The listing below must be returned in full and unchanged, without the images it carries.

**INFORMATION SHOWN**:

*** Begin section ***

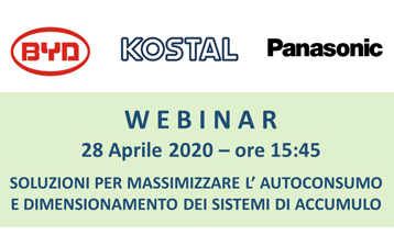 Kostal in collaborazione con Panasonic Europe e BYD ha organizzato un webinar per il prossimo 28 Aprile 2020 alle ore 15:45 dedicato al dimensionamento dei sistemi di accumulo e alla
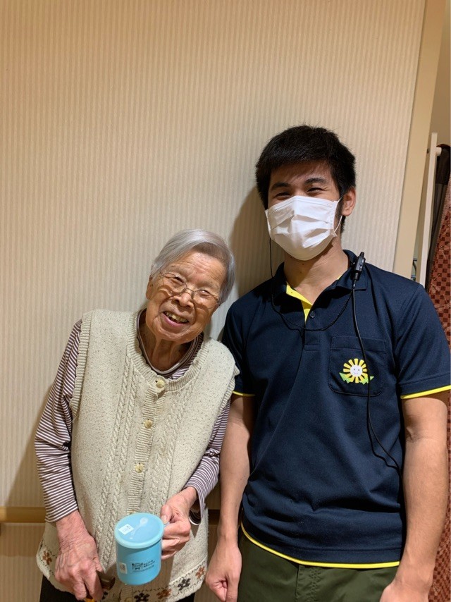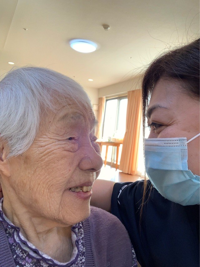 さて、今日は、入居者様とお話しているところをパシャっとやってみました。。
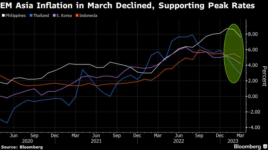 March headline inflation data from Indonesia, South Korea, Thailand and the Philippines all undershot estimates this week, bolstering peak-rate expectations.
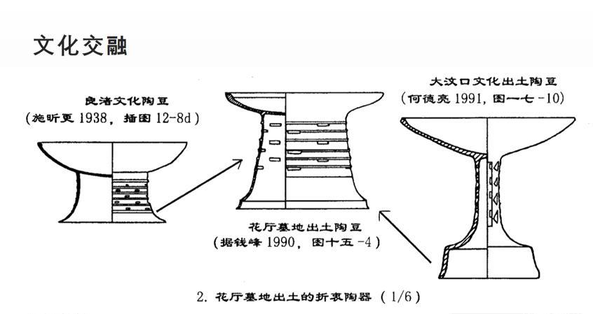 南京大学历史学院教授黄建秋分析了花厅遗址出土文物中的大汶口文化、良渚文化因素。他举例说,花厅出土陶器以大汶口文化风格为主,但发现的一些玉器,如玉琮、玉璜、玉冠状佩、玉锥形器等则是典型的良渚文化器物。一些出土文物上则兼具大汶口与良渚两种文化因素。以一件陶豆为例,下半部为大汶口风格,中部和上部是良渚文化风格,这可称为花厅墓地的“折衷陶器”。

*** End section ***

**OUTPUT**:
 Kostal in collaborazione con Panasonic Europe e BYD ha organizzato un webinar per il prossimo 28 Aprile 2020 alle ore 15:45 dedicato al dimensionamento dei sistemi di accumulo e alla
 さて、今日は、入居者様とお話しているところをパシャっとやってみました。。
 March headline inflation data from Indonesia, South Korea, Thailand and the Philippines all undershot estimates this week, bolstering peak-rate expectations.
 南京大学历史学院教授黄建秋分析了花厅遗址出土文物中的大汶口文化、良渚文化因素。他举例说,花厅出土陶器以大汶口文化风格为主,但发现的一些玉器,如玉琮、玉璜、玉冠状佩、玉锥形器等则是典型的良渚文化器物。一些出土文物上则兼具大汶口与良渚两种文化因素。以一件陶豆为例,下半部为大汶口风格,中部和上部是良渚文化风格,这可称为花厅墓地的“折衷陶器”。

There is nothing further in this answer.